The concept of ORYX was to be a continuous, data-driven process that evaluates a healthcare organization's standard of compliance and the outcomes of this process. Joint Commission officials note that ORYX provides purchasers and consumers of care with another level of assurance that Joint Commission-accredited organizations are evaluated on outcomes in addition to the on-site surveys that take place.

Initial policies regarding ORYX called for accredited healthcare organizations to select two of the approved measures, also known as noncore measures, and to report data on at least 20% of the patient population from a list of 60 performance measurement systems that met the Joint Commission's criteria. This information was to be collected on monthly data points and transmitted on a quarterly basis in an electronic machine-readable format via the Internet or electronic bulletin board services to an approved Performance Measurement System (PMS). The Joint Commission delayed the reporting of core measures for long-term care, home care, and behavioral-health organizations so that applicable core measures could be identified. This was in response to the lack of national consensus on appropriate performance measures for nonhospital settings of care. ORYX provides healthcare organizations with a greater degree of flexibility in selecting measures, which was identified as a problem in the past under the Indicator Measurement System (IMSystem).

In July 2002, the first ORYX measures on accredited hospitals were collected. Hospitals are required to collect and report on at least three core measures or up to nine measures if not participating in core measurement activities, to satisfy the requirements of accreditation. Nonhospitals must collect six measures to satisfy accreditation requirements. To reduce the burden of reporting requirements for hospitals and other healthcare organizations, the Joint Commission has worked closely with the Centers for Medicare and Medicaid Services (CMS), the National Quality Forum, and other entities to develop and standardize these core measures.

One criticism of the ORYX program is that healthcare organizations may focus their quality improvement efforts on only the reported measures of quality or selected measurements that they perform well on.
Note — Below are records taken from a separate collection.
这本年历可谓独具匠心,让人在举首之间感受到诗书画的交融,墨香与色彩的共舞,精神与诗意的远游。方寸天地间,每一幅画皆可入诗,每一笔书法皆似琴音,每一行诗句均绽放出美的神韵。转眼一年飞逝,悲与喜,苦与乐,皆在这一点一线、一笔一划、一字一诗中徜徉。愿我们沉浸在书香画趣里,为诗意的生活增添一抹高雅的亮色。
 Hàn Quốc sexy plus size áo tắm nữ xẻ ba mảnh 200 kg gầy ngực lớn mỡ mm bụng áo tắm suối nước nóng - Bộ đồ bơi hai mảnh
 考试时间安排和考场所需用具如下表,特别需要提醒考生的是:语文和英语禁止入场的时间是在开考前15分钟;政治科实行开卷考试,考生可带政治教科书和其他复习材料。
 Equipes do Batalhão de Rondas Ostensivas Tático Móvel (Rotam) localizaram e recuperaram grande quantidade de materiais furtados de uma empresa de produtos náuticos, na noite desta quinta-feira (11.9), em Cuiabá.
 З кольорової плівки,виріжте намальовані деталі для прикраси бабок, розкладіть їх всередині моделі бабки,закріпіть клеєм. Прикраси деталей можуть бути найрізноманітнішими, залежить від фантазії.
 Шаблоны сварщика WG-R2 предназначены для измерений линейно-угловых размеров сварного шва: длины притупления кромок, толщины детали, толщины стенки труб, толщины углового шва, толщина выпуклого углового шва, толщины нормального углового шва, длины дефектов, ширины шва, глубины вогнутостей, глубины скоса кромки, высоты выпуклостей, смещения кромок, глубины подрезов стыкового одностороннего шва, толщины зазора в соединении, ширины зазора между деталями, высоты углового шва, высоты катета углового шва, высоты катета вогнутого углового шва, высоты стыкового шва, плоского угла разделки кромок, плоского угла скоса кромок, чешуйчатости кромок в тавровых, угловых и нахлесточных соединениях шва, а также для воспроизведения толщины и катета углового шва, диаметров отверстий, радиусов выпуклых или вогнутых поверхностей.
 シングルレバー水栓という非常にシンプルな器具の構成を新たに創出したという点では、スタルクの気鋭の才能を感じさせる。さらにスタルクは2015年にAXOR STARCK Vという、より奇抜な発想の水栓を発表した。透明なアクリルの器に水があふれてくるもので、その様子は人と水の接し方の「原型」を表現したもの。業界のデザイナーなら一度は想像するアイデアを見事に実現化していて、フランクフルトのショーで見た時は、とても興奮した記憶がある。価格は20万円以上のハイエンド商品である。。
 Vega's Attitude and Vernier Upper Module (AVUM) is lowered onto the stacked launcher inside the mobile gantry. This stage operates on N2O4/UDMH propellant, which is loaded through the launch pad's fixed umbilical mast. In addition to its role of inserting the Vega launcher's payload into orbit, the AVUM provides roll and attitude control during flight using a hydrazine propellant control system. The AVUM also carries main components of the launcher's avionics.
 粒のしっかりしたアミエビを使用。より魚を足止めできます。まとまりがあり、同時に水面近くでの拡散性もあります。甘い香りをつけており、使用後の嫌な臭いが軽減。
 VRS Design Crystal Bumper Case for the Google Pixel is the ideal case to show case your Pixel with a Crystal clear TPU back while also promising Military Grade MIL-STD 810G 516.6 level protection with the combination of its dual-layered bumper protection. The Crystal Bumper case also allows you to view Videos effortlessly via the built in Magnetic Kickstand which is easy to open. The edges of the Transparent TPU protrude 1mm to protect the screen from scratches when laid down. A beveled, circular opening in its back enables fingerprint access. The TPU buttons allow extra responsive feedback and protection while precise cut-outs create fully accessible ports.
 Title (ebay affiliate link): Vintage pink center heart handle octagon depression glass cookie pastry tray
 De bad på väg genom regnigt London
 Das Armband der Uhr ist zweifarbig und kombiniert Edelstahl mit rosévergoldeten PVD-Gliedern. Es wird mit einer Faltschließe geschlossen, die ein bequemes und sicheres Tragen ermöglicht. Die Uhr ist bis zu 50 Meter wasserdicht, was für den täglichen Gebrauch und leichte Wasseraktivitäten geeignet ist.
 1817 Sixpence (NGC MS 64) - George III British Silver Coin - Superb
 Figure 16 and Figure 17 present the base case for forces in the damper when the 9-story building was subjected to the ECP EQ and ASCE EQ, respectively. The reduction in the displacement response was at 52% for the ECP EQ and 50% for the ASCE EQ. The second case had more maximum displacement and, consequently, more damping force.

In addition, critics cite that the measures only represent a small number of medical conditions. The Joint Commission concedes these facts; however, it is acknowledged that healthcare organizations will eventually have to report measures on a greater percentage of their population. Some professionals question how performance data will correlate with hospital accreditation and the ability of the Joint Commission, a private organization supported by the hospital industry, to objectively evaluate hospital performance.

History

The Joint Commission's history of performance measurement can be traced back to the early days of Ernest Codman, who established the concept of the data-driven “end-result” system in the 1900s. The Joint Commission's Agenda for Change had at its centerpiece the goal of incorporating performance measurement into its accreditation process. During the period leading up to this, beginning in 1986, the Joint Commission was in the process of developing, testing, and implementing standardized performance measures and also establishing the infrastructure to transmit and collect these performance measurement data. This initiative was known then as the Indicator Measurement System (IMSystem). The reason for the development of the IMSystem was that until this point compliance with standards was the basic measure of healthcare quality. This new paradigm to look at the actual results and outcome of care called for a more integrated approach to evaluation of healthcare organizations. The use of performance data by the Joint Commission would facilitate the quality improvement efforts of healthcare organizations, ensure accountability, and combine performance with standards compliance in the accreditation process.